PDUFA date for Exenatide Approaching (Nasdaq:AMLN), (NYSE:LLY)

Exenatide is a drug that has been co-developed by Amylin Pharmaceuticals, Inc, (Nasdaq:AMLN), Alkermes, Inc. (Nasdaq: ALKS) and Eli Lilly and Company (NYSE:LLY). Exenatide is currently available in the market as BYETTA® injections. However, now the three companies want to use exenatide as a drug given once per week to treat people suffering from type 2 diabetes (by controlling the glycemic level in the body). For this purpose, they submitted a new drug application (NDA) to the United States of America’s Food and Drug Administration (FDA) to get the regulator’s approval for bringing exenatide once weekly into the market. The NDA was submitted on May 5, 2009. And in June 2009, the FDA announced that the NDA contains all the information that would allow it to make a thorough review on exenatide – that is, the NDA was accepted for review. The FDA also handed the company a Prescription Drug User Fee Act goal date – also called Action date or just PDUFA date – of March 7, 2010. However, recently the FDA was closed for 5 days due to bad weather conditions. As a result, on February 25, 2010, the companies disclosed to its stakeholders that the FDA needed more time to review the NDA applications with PUDUFA dates earlier than March 7, 2010. This meant that the PDUFA date of exenatide’s NDA got extended. The new PDUFA date is March 12, 2010.
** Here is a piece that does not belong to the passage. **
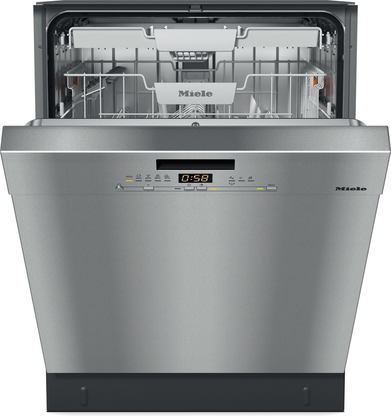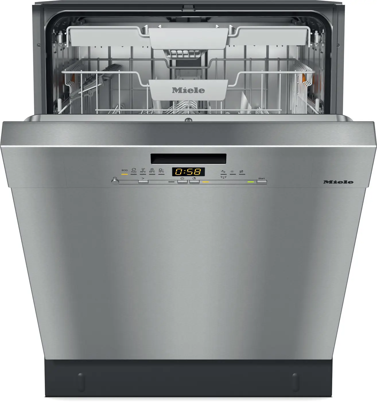Miele G 5611 SCU CLST. Posizionamento dell'apparecchio: Sottopiano, Dimensione: Dimensione massima (60 cm), Colore della porta: Acciaio inox. Numero di coperti: 14 coperti, Classe emissione rumore: C, Emissione acustica: 45 dB. Classe efficienza energetica: A, Consumo di acqua per ciclo: 8,2 L, Consumo energetico per 100 cicli: 54 kWh. Larghezza: 598 mm, Profondità: 570 mm, Altezza: 805 mm. Tecnologie Miele (lavaggio stoviglie): AutoOpen drying, BrilliantGlassCare, EcoPower, QuickPowerWash

The NDA submission contains data from the Duration-1 trial conducted by Amylin Phatmaceuticals, Inc. The trial compared the safety and the effectiveness of the exenatide once weekly manufactured with the exenatide that was developed earlier.
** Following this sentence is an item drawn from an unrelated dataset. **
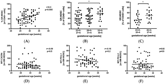 Quantification of granulocytic myeloid-derived suppressor cells (GR-MDSC) in the breast milk of preterm infants (dependency on gestational age). Milk cells were isolated from the breast milk of mothers of preterm infants during the first five weeks of life. Percentages of GR-MDSC (of total CD45+ leucocytes) and the expression of activation markers CXC-motif chemokine receptor 4 (CXCR4), programmed death ligand-1 (PD-L1), and programmed death ligand-2 (PD-L2) on breast milk containing a large population of GR-MDSC (BM-MDSC) were determined by flow cytometry. The mean percentages of BM-MDSC and the mean mean fluorescence intensity (MFI) of activation markers over the first five weeks were calculated. (A) Scatter diagram showing the percentage of GR-MDSC of total milk leucocytes depending on gestational age. Regression line shows the correlation between percentages of BM-MDSC and gestational age. n = 86, Spearman correlation. (B) Scatter diagram showing the percentage of GR-MDSC of milk leucocytes from mothers of preterm infants delivered at <28 0/7 WOG, between 28 0/7 and 31 6/7 WOG and >32 0/7 WOG. n = 18–34, * p < 0.05; Kruskal–Wallis test and Dunn’s multiple comparison test. (C) Scatter diagram showing the percentage of BM-MDSC from mothers of preterm infants delivered at <26 0/7 WOG, between 26 0/7 and 27 6/7 WOG, * p < 0.05; Mann–Whitney test. (D–F) Scatter diagrams showing the expression of CXCR4 (D), PD-L1 (E) and PD-L2 (F) on BM-MDSC depending on gestational age. Regression line shows the correlation between percentages of BM-MDSC and postnatal age. n = 86, p > 0.05, Spearman correlation.

If the Food and Drug Administration approves the NDA, exenatide would be the only type 2 diabetes treatment that can be prescribed only once every week. Daniel M. Bradbury, who is the Chief Executive Officer (CEO) as well as the President of Amylin, is confident that the NDA would be successful in getting the FDA’s approval. He said:

“The exenatide once weekly submission is an important milestone in the overall exenatide development program. The clinical data supporting this submission highlight the potential of exenatide once weekly to significantly advance the treatment of type 2 diabetes. We remain committed to developing and commercializing a range of treatment options that address the important unmet needs of people living with diabetes.”